Mid-Term Outlook (3-5 Years)
As technologies mature and organizations adapt, more substantial transformations will emerge in how security is approached and implemented:
- AI-human collaboration systems
- multimodal AI platforms
- democratized AI development
This period will see significant changes in security architecture and operational models, with increasing automation and integration between previously siloed security functions. Organizations will shift from reactive to proactive security postures.
Long-Term Outlook (5+ Years)
Looking further ahead, more fundamental shifts will reshape how cybersecurity is conceptualized and implemented across digital ecosystems:
- General AI capabilities
- AI-driven scientific breakthroughs
- new computing paradigms
These long-term developments will likely require significant technical breakthroughs, new regulatory frameworks, and evolution in how organizations approach security as a fundamental business function rather than a technical discipline.
Key Risk Factors and Uncertainties
Several critical factors could significantly impact the trajectory of ai tech evolution:
Organizations should monitor these factors closely and develop contingency strategies to mitigate potential negative impacts on technology implementation timelines.
Alternative Future Scenarios
The evolution of technology can follow different paths depending on various factors including regulatory developments, investment trends, technological breakthroughs, and market adoption.

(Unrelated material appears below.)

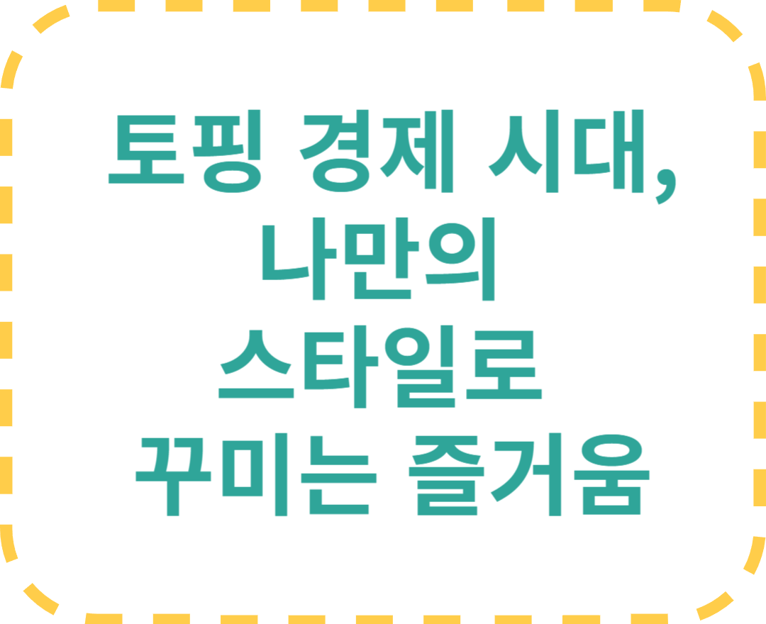 당신도 지금 어떤 제품에 ‘나만의 토핑’을 더하고 있지 않나요? 선택의 기쁨, 개성의 만족, 그리고 참여의 즐거움! 토핑 경제는 모두를 창조자로 만드는 세상의 흐름입니다.
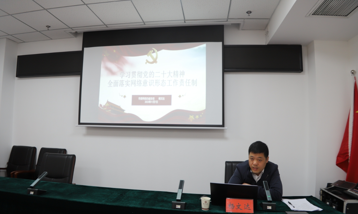 11月7日,楊文達同志以“學習貫徹黨的二十大精神,全面落實網(wǎng)絡意識形態(tài)工作責任制”為題作了專題培訓

We analyze three potential scenarios:
Optimistic Scenario
Responsible AI driving innovation while minimizing societal disruption
Key Drivers: Supportive regulatory environment, significant research breakthroughs, strong market incentives, and rapid user adoption.
Probability: 25-30%
Base Case Scenario
Incremental adoption with mixed societal impacts and ongoing ethical challenges
Key Drivers: Balanced regulatory approach, steady technological progress, and selective implementation based on clear ROI.
Probability: 50-60%
Conservative Scenario
Technical and ethical barriers creating significant implementation challenges
Key Drivers: Restrictive regulations, technical limitations, implementation challenges, and risk-averse organizational cultures.
Probability: 15-20%
Scenario Comparison Matrix
Factor | Optimistic | Base Case | Conservative |
---|---|---|---|
Implementation Timeline | Accelerated | Steady | Delayed |
Market Adoption | Widespread | Selective | Limited |
Technology Evolution | Rapid | Progressive | Incremental |
Regulatory Environment | Supportive | Balanced | Restrictive |
Business Impact | Transformative | Significant | Modest |
Transformational Impact
Redefinition of knowledge work, automation of creative processes. This evolution will necessitate significant changes in organizational structures, talent development, and strategic planning processes.
The convergence of multiple technological trends—including artificial intelligence, quantum computing, and ubiquitous connectivity—will create both unprecedented security challenges and innovative defensive capabilities.
Implementation Challenges
Ethical concerns, computing resource limitations, talent shortages. Organizations will need to develop comprehensive change management strategies to successfully navigate these transitions.
Regulatory uncertainty, particularly around emerging technologies like AI in security applications, will require flexible security architectures that can adapt to evolving compliance requirements.
Key Innovations to Watch
Multimodal learning, resource-efficient AI, transparent decision systems. Organizations should monitor these developments closely to maintain competitive advantages and effective security postures.
Strategic investments in research partnerships, technology pilots, and talent development will position forward-thinking organizations to leverage these innovations early in their development cycle.
Technical Glossary
Key technical terms and definitions to help understand the technologies discussed in this article.
Understanding the following technical concepts is essential for grasping the full implications of the security threats and defensive measures discussed in this article. These definitions provide context for both technical and non-technical readers.